_Task directions_
Would you return the listing that follows exactly, leaving its pictures behind?

=== Data extract ===

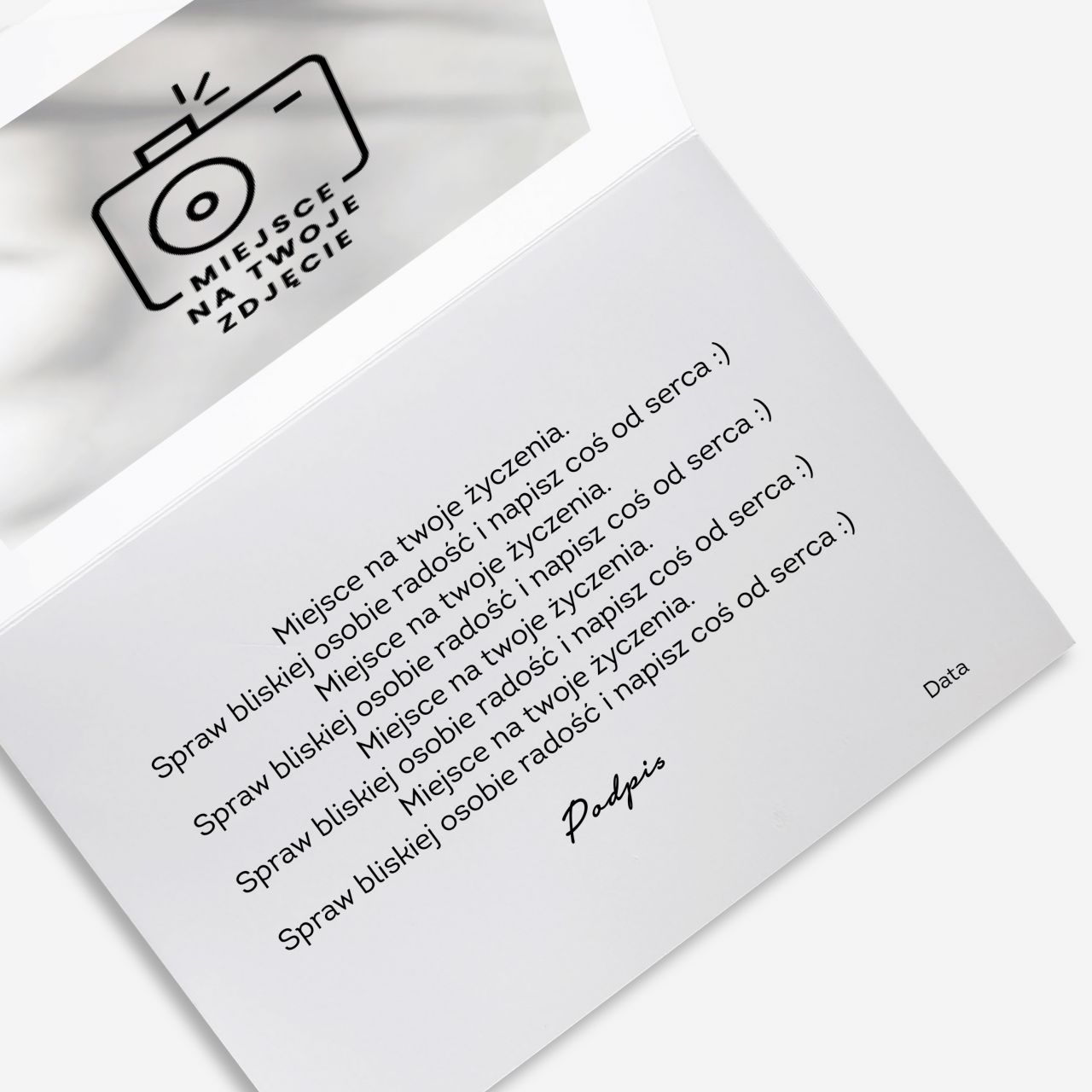 - wewnątrz miejsce na treść życzeń oraz zdjęcie
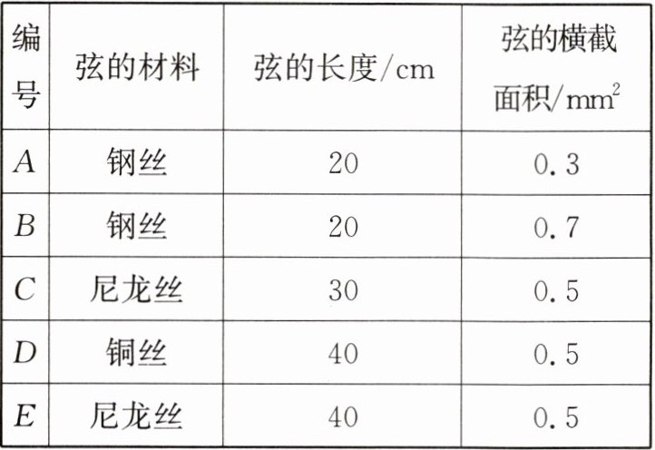 |编号|弦的材料|弦的长度/cm|弦的横截面积$/mm^2$|
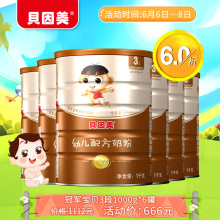 贝因美冠军宝贝幼儿配方奶粉3段1000g*6罐装 婴儿牛奶粉
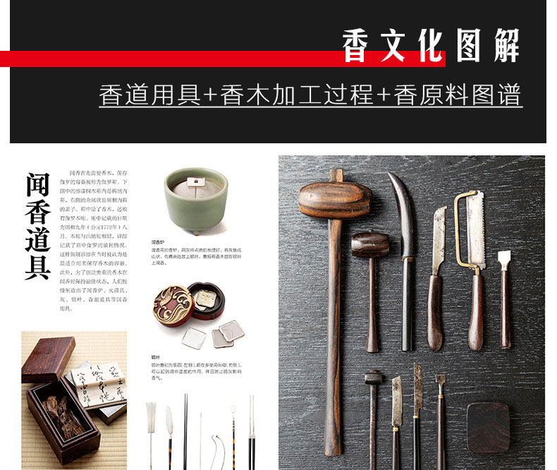 《大美中國茶:圖說香道文化》闡釋香道是一種關於“香的藝術與規律”,使讀者通過閱讀,體會到感官器官經過感性認識和理性認識,繞不同香氣對人的作用及個人的需求,了解現代廣義的香,是指香氣、芳香的氣味。 《詞源》釋詞:凡草木有芳香者皆曰香,如沉香、檀香等。狹義的香,指以天然芳香類香藥及植物黏合劑為原料,依功效的需求,依制定配方,並對香藥進行砲製及配伍,依工藝要求製成的各種香品。其中傳統香須經窖藏方可成真正意義上的香品。以及掌握由此產生的各種香品的製作、砲製、配伍與使用,而逐步形成的能夠體現出中華民族的精神氣質、民族傳統、美學觀念、價值觀念。

===

_Answer to this problem_
 - wewnątrz miejsce na treść życzeń oraz zdjęcie
 |编号|弦的材料|弦的长度/cm|弦的横截面积$/mm^2$|
 贝因美冠军宝贝幼儿配方奶粉3段1000g*6罐装 婴儿牛奶粉
 《大美中國茶:圖說香道文化》闡釋香道是一種關於“香的藝術與規律”,使讀者通過閱讀,體會到感官器官經過感性認識和理性認識,繞不同香氣對人的作用及個人的需求,了解現代廣義的香,是指香氣、芳香的氣味。 《詞源》釋詞:凡草木有芳香者皆曰香,如沉香、檀香等。狹義的香,指以天然芳香類香藥及植物黏合劑為原料,依功效的需求,依制定配方,並對香藥進行砲製及配伍,依工藝要求製成的各種香品。其中傳統香須經窖藏方可成真正意義上的香品。以及掌握由此產生的各種香品的製作、砲製、配伍與使用,而逐步形成的能夠體現出中華民族的精神氣質、民族傳統、美學觀念、價值觀念。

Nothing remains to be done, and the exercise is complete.